Itaú BBA highlighted Riachuelo’s beat versus consensus as a trigger for potential earnings revisions, identifying the company as a leader in Brazilian fashion retail’s improving fundamentals. Riachuelo‘s parent Guararapes has been on a multi-year recovery trajectory, with full-year 2025 net profit of R$512 million more than doubling 2024 and reversing the R$34 million loss reported in 2023. The Natal mega-factory has emerged as the central pillar of the supply-chain strategy that allowed the company to compete on speed and quality rather than price alone.
| Metric Q1 2026 | Value |
|---|---|
| Net profit | R$5M (US$1M); reverses R$45.9M loss |
| Net revenue | R$2.32B (US$471M), +6.7% YoY |
| Consolidated EBITDA | R$268M (US$54M), +14.1% |
| EBITDA margin | 11.5% (+0.7 p.p.) |
| Apparel SSS | +10.1% (11th consecutive quarter) |
| Apparel gross margin | 54.9% (+1.2 p.p.) |
| Retail EBITDA | R$135M (US$27M), +23.7% |
| Midway EBITDA | R$133M (US$27M) |
| RIAA3 YTD performance | +16.4%; market cap R$5B (US$1.02B) |
Connected Coverage
For broader Brazilian Q1 earnings and retail context, see our coverage of Tenda, Moura Dubeux, and Totvs Q1 2026 record results and our analysis of Enter becoming Latin America’s first AI unicorn at US$1.2 billion.
What Happens Next
- Q2 2026: 4-5 store reformats expected; winter-season apparel sales test.
- 2026: targeting profit in every quarter; ~150-store expansion pipeline.
- Risk: potential end of the “taxa das blusinhas” import-parcel tax remains a watchpoint.
Frequently Asked Questions
How much did Riachuelo earn in Q1 2026?
Riachuelo (RIAA3) reported R$5 million (US$1 million) in net profit for Q1 2026, reversing the R$45.9 million net loss in Q1 2025 and ending six consecutive years of first-quarter losses for the parent company Guararapes. Net revenue grew 6.7% YoY to R$2.32 billion and consolidated EBITDA rose 14.1% to R$268 million, beating the R$256.8 million consensus. Apparel same-store sales rose 10.1%, the 11th consecutive quarter of growth.
What is driving the turnaround?
CEO André Farber attributes the recovery to a strategic shift from price-led competition to proprietary fashion design, with the company controlling more of the creative and product-development chain.
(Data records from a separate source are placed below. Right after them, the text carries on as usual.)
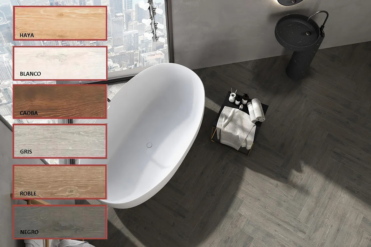 Cette série présente la finition SLIPSTOP, qui convient à la fois aux intérieurs et aux extérieurs grâce à sa texture lisse mais en même temps antidérapante et facile à nettoyer.
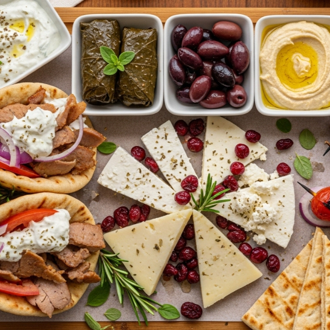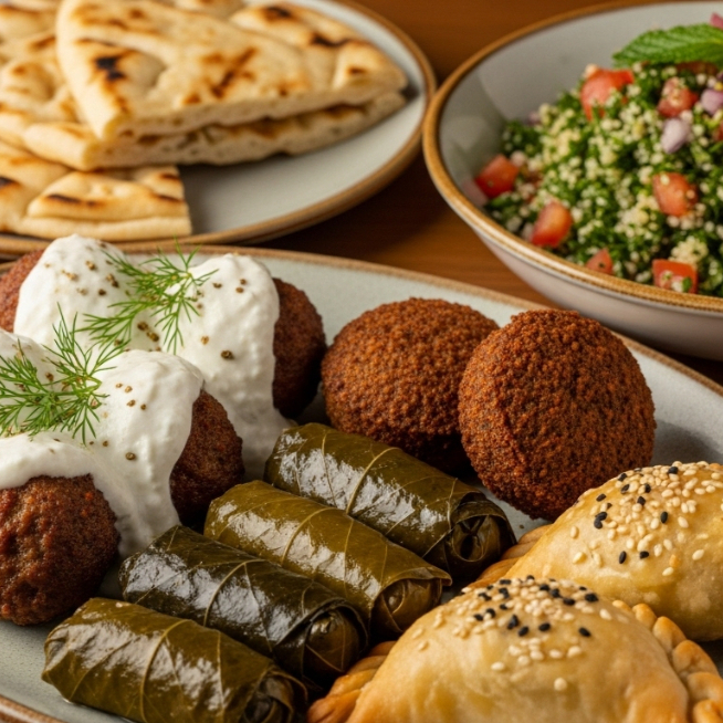 Keftedes(bolitas de carne bañadas en tzatziki), dolmades, (hojas de parra rellenas de arroz y carne), falafel, tiropitakia, (empanaditas de requesón en pasta philo), y orden de tabule con pan árabe.
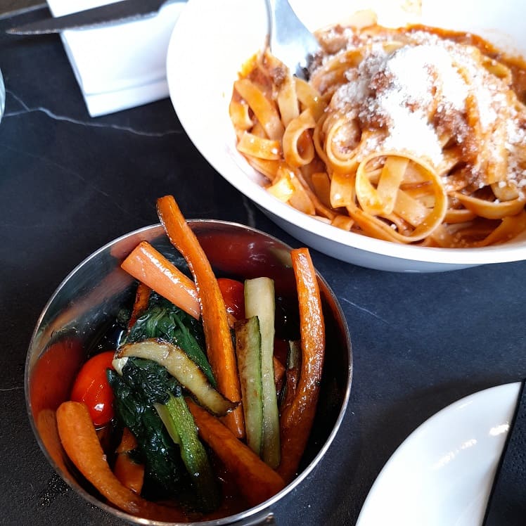 Il focus è la cucina italiana, puntando sulla tradizione e la qualità made in Italy delle materie prime con un menù che propone pasta fresca, pizza, primi e secondi piatti tradizionali. La nostra scelta è ricaduta sulle caserecce alla norma (pomodoro di Puglia, melanzane fritte, ricotta salata e basilico) e tagliatelle al ragù di chianina IGP con un contorno di verdure, quando la semplicità è di qualità non può deludere. Siamo rimasti molto soddisfatti di questa scelta: ecco una piccola fotogallery…
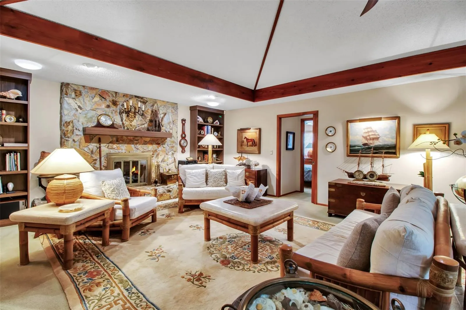 The split floor plan offers privacy and functionality, with an open-concept living area that includes vaulted ceilings and a fireplace. The kitchen features granite countertops, a serving window to the lanai, and flows seamlessly into the main living space, making it ideal for everyday living and entertaining.
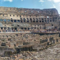We met our tour guide near the Colosseum metro station. He was wearing a Beatles shirt and had a Pirate flag. We found our man. The Colosseum took eight years to build and was completed in year 80 of the common era. Given its history, it has held together well. Originally a lake was at its location and when drained made for an excellent below stage area.

Apparel gross margin reached 54.9%, the 10th consecutive quarter of margin improvement, while the Natal mega-factory has anchored a supply-chain strategy emphasizing speed and quality. The retail segment posted R$135 million EBITDA (+23.7%), the highest Q1 retail-EBITDA margin in 9 years.
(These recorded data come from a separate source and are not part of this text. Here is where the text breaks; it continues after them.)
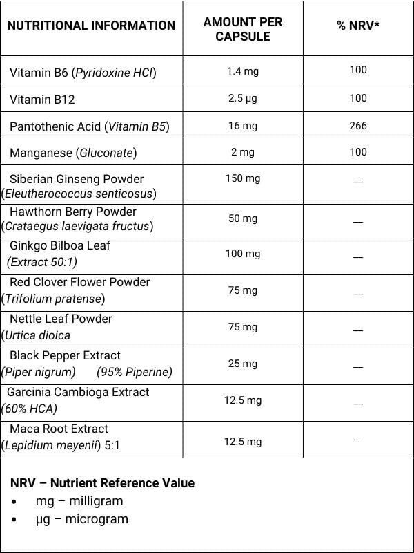 Siberian Ginseng Powder (Eleutherococcus senticosus), Ginkgo Bilboa Leaf Extract 50:1, Capsule Shell: HPMC (Hydroxypropyl Methyl Cellulose) vegetarian capsules, Red Clover Flower Powder (Trifolium pratense), Nettle Leaf Powder (Urtica dioica), Hawthorn Berry Powder (Crataegus laevigata fructus), Black Pepper Extract (Piper nigrum) (95% Piperine), Vitamin B5 (Calcium D-Pantothenate), Manganese Gluconate, Garcinia Cambioga Extract (60% HCA), Maca Root Extract (Lepidium meyenii) 5:1 (Maltodextrin), Vitamin B6 (Pyridoxine HCI), Vitamin B12 (Methylcobalamin, Dicalcium Phosphate).
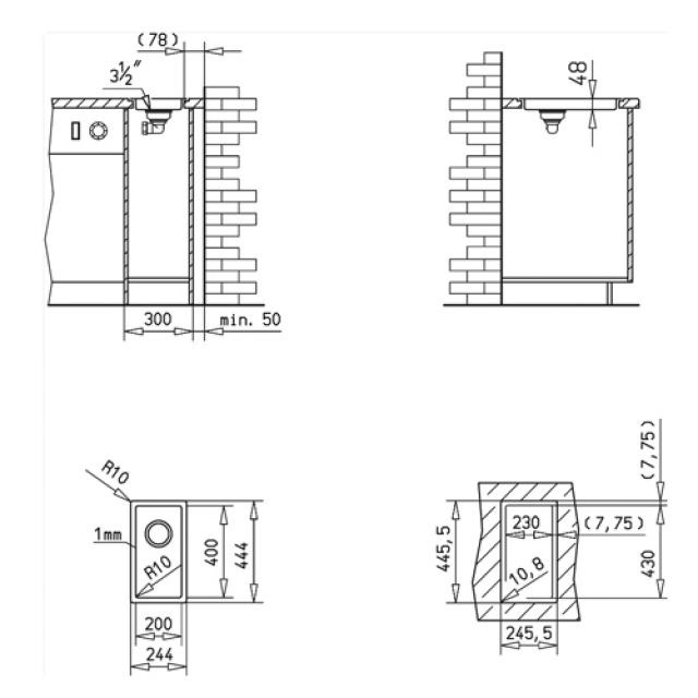 Arbeitsplattenausschnitt der RADEA Tropfmulde 200 / 400 Spüle
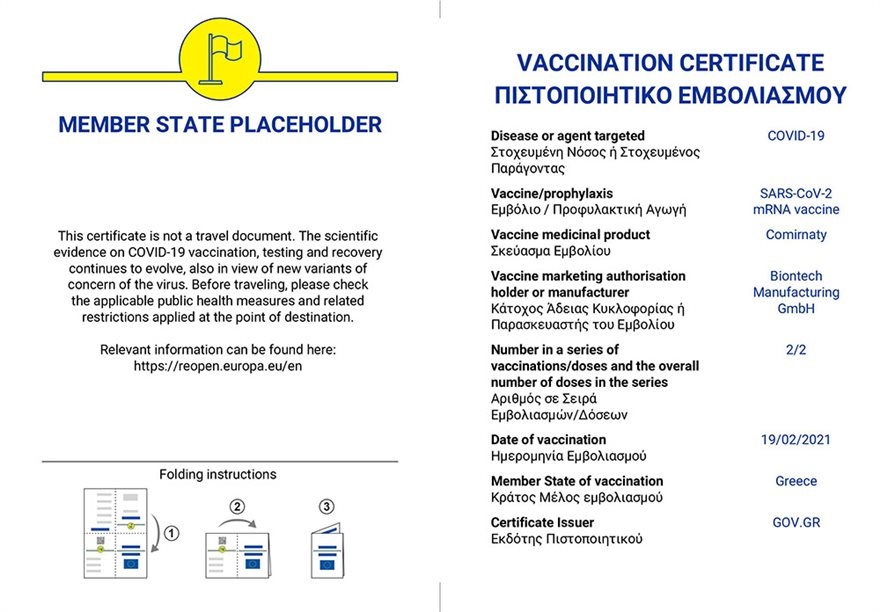 Το Ευρωπαϊκό Ψηφιακό Πιστοποιητικό COVID μπορεί να εκδοθεί:
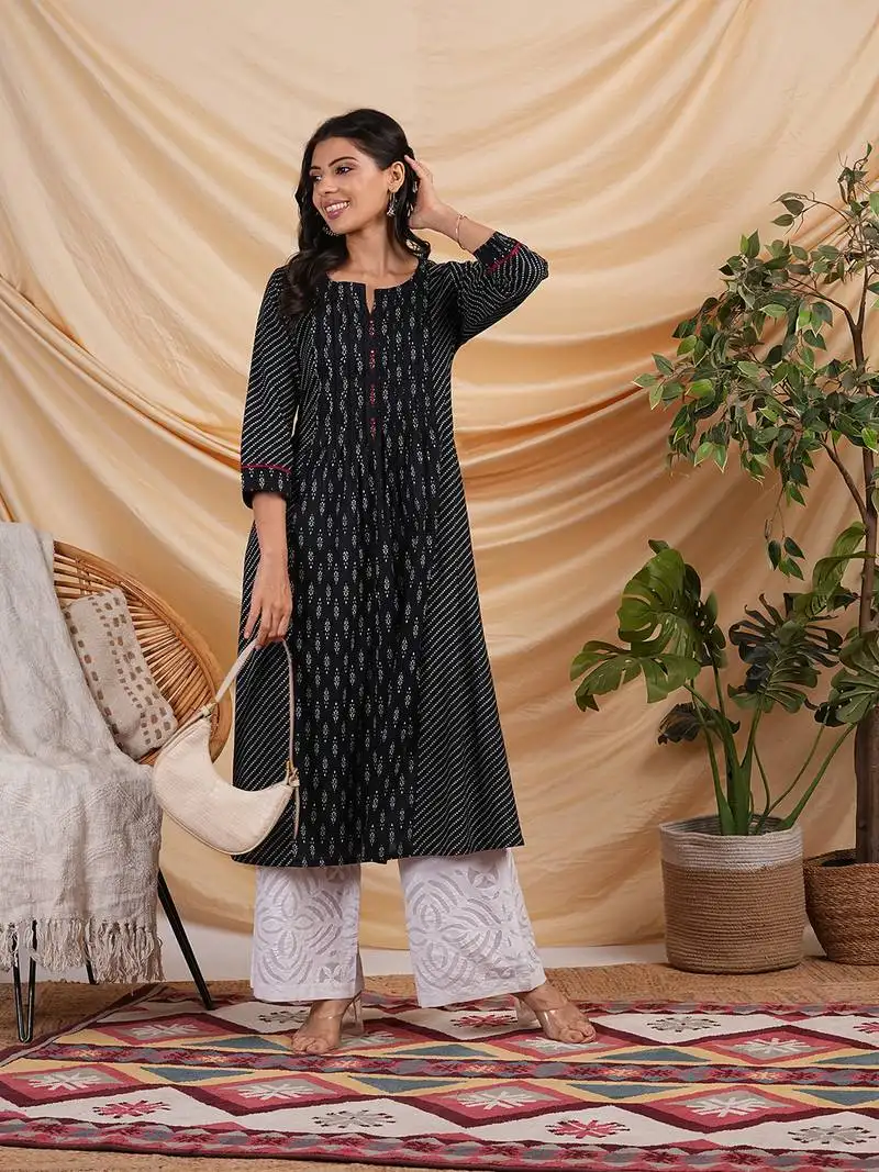 Sale!Printed cotton kurta with a blend of two different prints with pleat & hand embroidery.
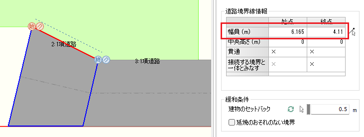 敷地境界線に突き当たる道路の幅員を入力します。
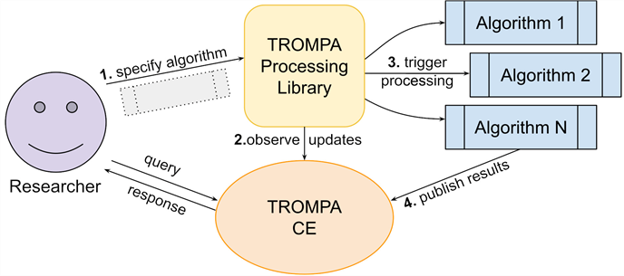 Fig. 5. TROMPA Processing Library (TPL) workflow. (1.) The researcher specifies their algorithm for use with the TPL. (2.) The TPL continuously monitors the CE's graph. When a new node is ingested with a type matching a TPL algorithm's specification, the algorithm is triggered on the newly entered data (3.), before publishing the results to the CE (4.), where they become available for query and may potentially trigger further processing orchestrated by the TPL.
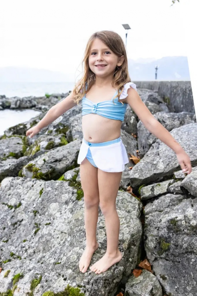 Costumul de baie pentru fetite contine topul si chilotelul.
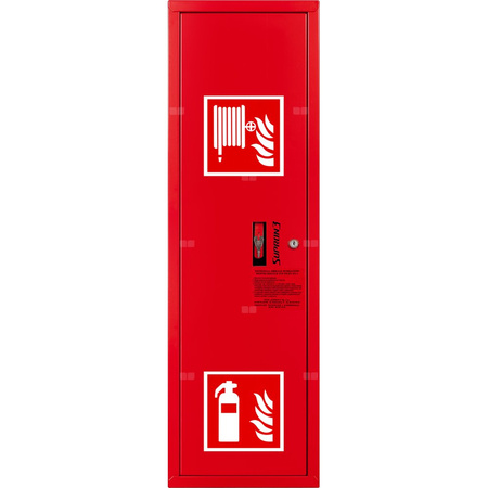 - szafka hydrantowa STANDARD wykonana z blachy czarnej malowanej farbą proszkową poliestrową fasadową typ Facade w kolorze czerwonym (RAL 3000) lub białym (RAL 9003), drzwi pełne; dzięki zastosowaniu zawiasu krytego drzwi szafki można otworzyć o 180°

How is the stock performing?
RIAA3 has risen 16.4% year-to-date in 2026 and approximately 56% over the past 12 months, outperforming peers C&A (CEAB3, +3.61%) and Lojas Renner (LREN3, +10%). Market cap reached R$5 billion (US$1.02 billion). Itaú BBA flagged the Q1 beat above consensus as a trigger for potential earnings revisions, while Farber said the company’s turnaround is not yet fully reflected in the stock price.
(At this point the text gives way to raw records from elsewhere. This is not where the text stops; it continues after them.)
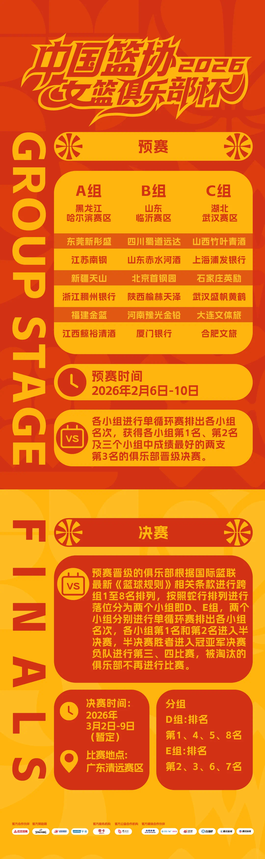 2026年中国篮协女篮俱乐部杯将于2月6日正式开赛。第一阶段于2月6日至10日进行,赛区设在黑龙江哈尔滨、山东临沂和湖北武汉;第二阶段拟于3月2日至9日在广东清远举行。本次赛事共有18支俱乐部参赛,具体赛制及分组情况如下:
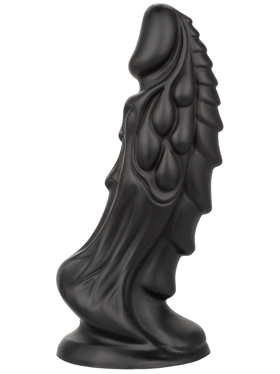 Dildo má velký průměr a je výrazně tvarované, takže zajistí intenzivní stimulaci vaginy i zadečku. Díky zúžené špičce se snadno zasouvá a výrazně zahnuté tělo zajistí přesnější stimulaci bodu G či prostaty.
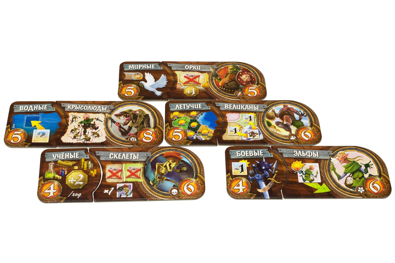 В начале игры на стол случайным образом выкладываются пять стартовых рас. У каждой расы есть своё уникальное свойство: к примеру, гномы получают больше очков за территории с рудниками, тритонам проще захватывать прибрежные земли, а тролли умеют строить логова. Кроме того, каждая раса получает дополнительное случайное свойство. Эльфы-мародёры, орки-дипломаты и даже летающие крестьяне с вилами – в маленьком мире возможно всё!
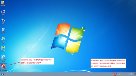 主機電腦開機且運行“亞拓管理軟件應用中心”程序;點擊桌面上的“亞拓管理軟件應用中心”程序圖標(或者在開始菜單中點擊程序組中的相應功能),即可打開運行應用中心程序。應用中心程序運行后會在桌面右下角顯示應用中心圖標:
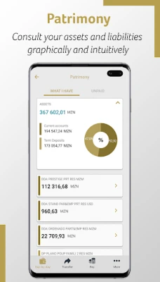 With the Patrimony feature, users can visualize their assets and liabilities in a clear and intuitive manner. Simply click the Patrimony button located below the product carousel to access this insightful overview.

What is the macro risk outlook?
Brazilian retail operates under restrictive Selic conditions (currently above 11%), with high household debt, rising delinquency, and persistent inflation pressure. Farber acknowledged the harder macro but said Riachuelo has not yet felt material effects, attributing resilience to operational discipline and constant business-model adjustment. The CEO flagged the potential end of the “taxa das blusinhas” (import-parcel tax) as a key watchpoint that could affect domestic-vs-imported asymmetry, though Riachuelo was already growing before the tax.